I was a private tutor and made between 15-20 bucks an hour and usually worked at least 20-30 hours a week. Mostly corporate gigs. That did not mean I could count on 900-1250 a month. I usually made about a grand a month, but some months, like December or July whith lots of down time, I could make as little as $5-600, but still enough to get by.
I did not have a TEFL nor a teaching degree, but I was able to quickly build a good client base simply off referrals.
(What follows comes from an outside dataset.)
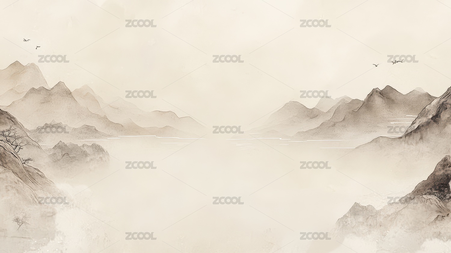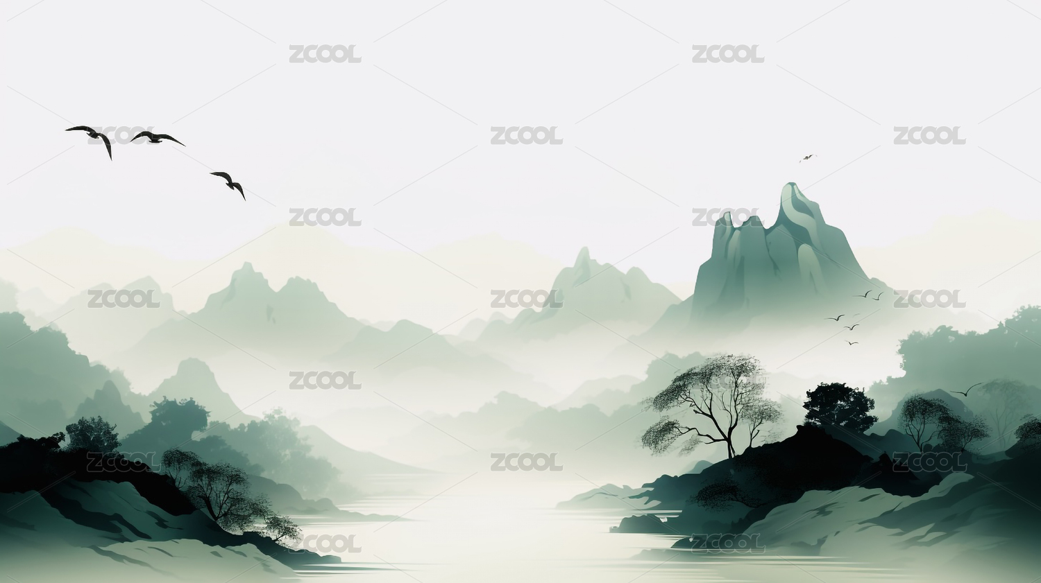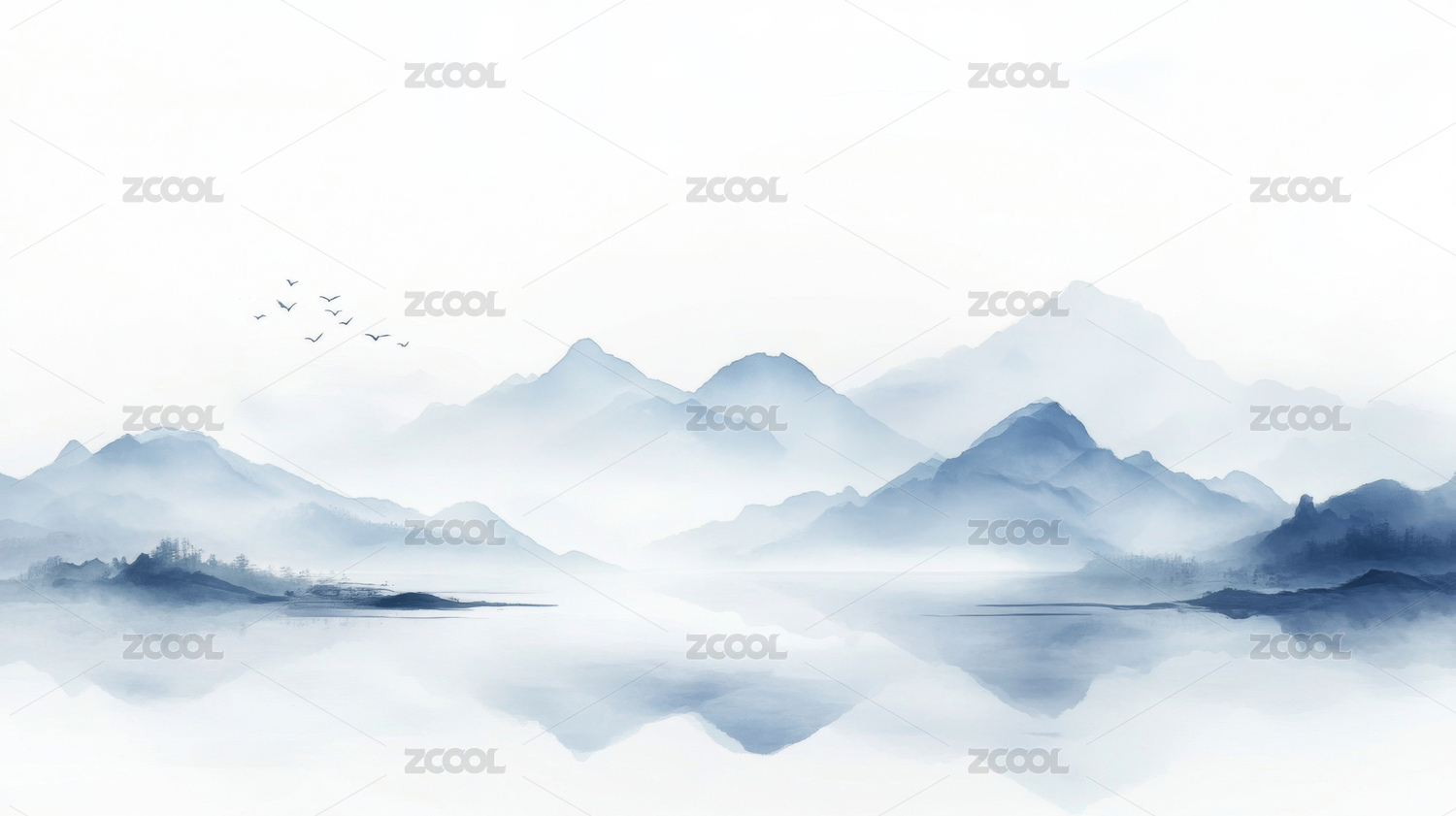 自然,山峰,薄雾,湖水,飞鸟,清晨,寂静,淡雅

The one trick I did to make sure I kept my students paying was to offer a 10% discount if they pre-paid a month in advance. With that, I had a very strict cancellation policy. If they cancelled past a certain hour, they would loose the class. If they cancelled more than 3 times in a month, they would loose a class. At first they did not like my strictness, so I added a counter part, if I cancelled past the same hour, they would get 1 class for free or if I cancelled more than 3 times in a month, they would get 1 class free. in 2 years, I did give 2 free classes, but the result was the students respected my policy much more because it respected their time as much as i requested respect for mine.
The other issue is you needed to be a good teacher where the student had a good time and felt like he or she was learning. If not, they will cut you pretty quick. They will not tell you as such usually, they will either start cancelling classes or tell you something came up and they will not be able to continue. If that happens to you often, you should question your teaching approach.
Teaching materials are easy to score. You can buy them all over town (new, used or pirated), many can be downloaded off the internet and from time to time you see them advertised for sale here or other expat websites for teachers leaving Peru or leaving the profession. I recently sold most of my old materials in such a manor.